Temporal Fundamentals Part IV: Workflows
Overview
This is a six part series focused on Temporal fundamentals. It represents, in my words, what I have learned along the way and what I would’ve like to know on day one.
- Temporal Fundamentals Part I: Basics
- Temporal Fundamentals Part II: Concepts
- Temporal Fundamentals Part III: Timeouts
- Temporal Fundamentals Part IV: Workflows
- Temporal Fundamentals Part V: Workflow Patterns
- Temporal Fundamentals Part VI: Workers
This article will focus on understanding Temporal Workflow design recommendations. It will explore general design practice and also get into specific recommendations for Temporal primitives.
Limits
Temporal achieves its breathtaking scale, by its ability to execute billions upon billions of Workflows. However, each Workflow has its limits and it is important to understand them, when doing Workflow design.
Determinism
Workflows must be deterministic, Workflows can and will be replayed. Every Workflow replay must follow the same code path, for events that already ocurred in its execution history.
Recommendations
- Use static code analyzers if available for SDK, which check for common sources of Non-Determinism.

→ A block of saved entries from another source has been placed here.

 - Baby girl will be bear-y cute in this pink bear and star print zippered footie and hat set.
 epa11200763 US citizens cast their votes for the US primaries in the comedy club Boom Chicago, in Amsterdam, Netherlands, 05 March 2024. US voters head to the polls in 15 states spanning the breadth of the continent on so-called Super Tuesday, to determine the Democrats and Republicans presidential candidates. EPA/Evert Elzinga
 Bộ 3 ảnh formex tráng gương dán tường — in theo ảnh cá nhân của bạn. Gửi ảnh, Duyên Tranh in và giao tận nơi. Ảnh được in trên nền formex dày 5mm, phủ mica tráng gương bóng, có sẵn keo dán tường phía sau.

- Workflows should be replayed using the SDK replayer, with previous version event history, to ensure new code doesn’t break determinism.

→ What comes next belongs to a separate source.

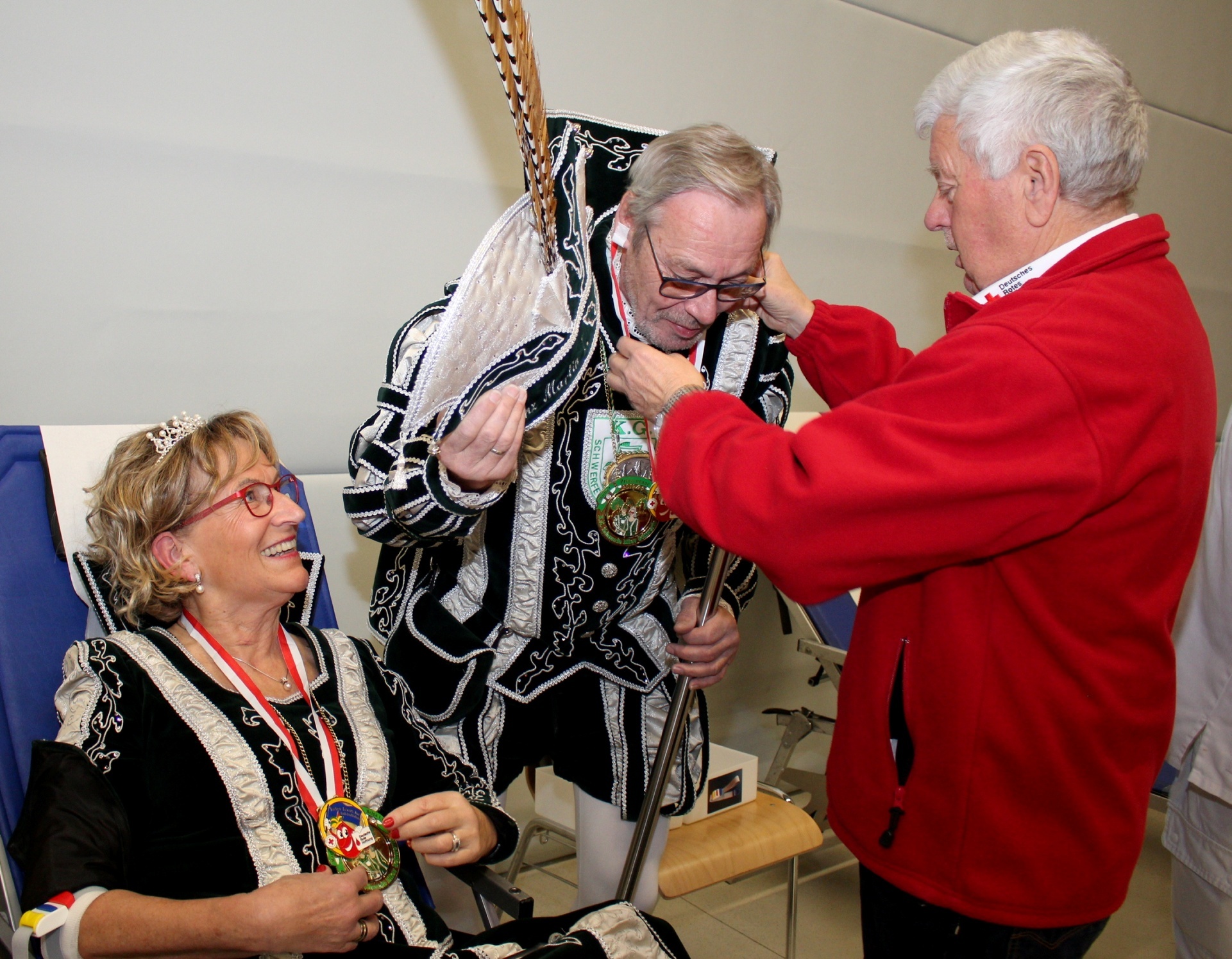 Übertrumpft wurde er nur von Schwerfens Prinzenpaar Martin I. (Rosenbaum) und Helga I. Während der Prinz zum 32.-mal „gepiekst“ wurde, war es für die Prinzessin die 52. Blutspende. Ortsvereinschef Lothar Henrich freute sich, dass die Tollitäten aus dem Außenort den Zülpicher Kollegen unterstützten: „Unser Aufruf zur Prinzenblutspende geht ja an alle Menschen im Zülpicher Stadtgebiet, soll also auch die Jecken in den Außenorten ansprechen.“

- Versioning Workflows should be done using appropriate versioning strategy.
WorkflowIds
WorkflowIds are unique and often they represent a name or identifier, that is important to the use case. Workflows have both, a WorkflowId, and a RunId. While the WorkflowId only exists once, each run including retry or continue-as-new of workflow, creates a new RunId.
Recommendations
- Use WorkflowIds as idempotency keys when Workflow may be started more than once.
- Use appropriate WorkflowId reuse policy
- Do not rely on Workflow RunId for business logic choices as it can change during Workflow execution, due to retry or continue-as-new.
Workflow Event History
A Workflow is comprised of a series of tasks. Workflow tasks execute Workflow code and Activity tasks execute Activity code. All of these tasks and their states (Scheduled, Started, Completed) are stored in the Workflow event history. A single Workflow event history has limits on number of events (50,000) and size (50 MB).
Recommendations
- Ensure Workflow limits are not reached, otherwise Workflow will be terminated.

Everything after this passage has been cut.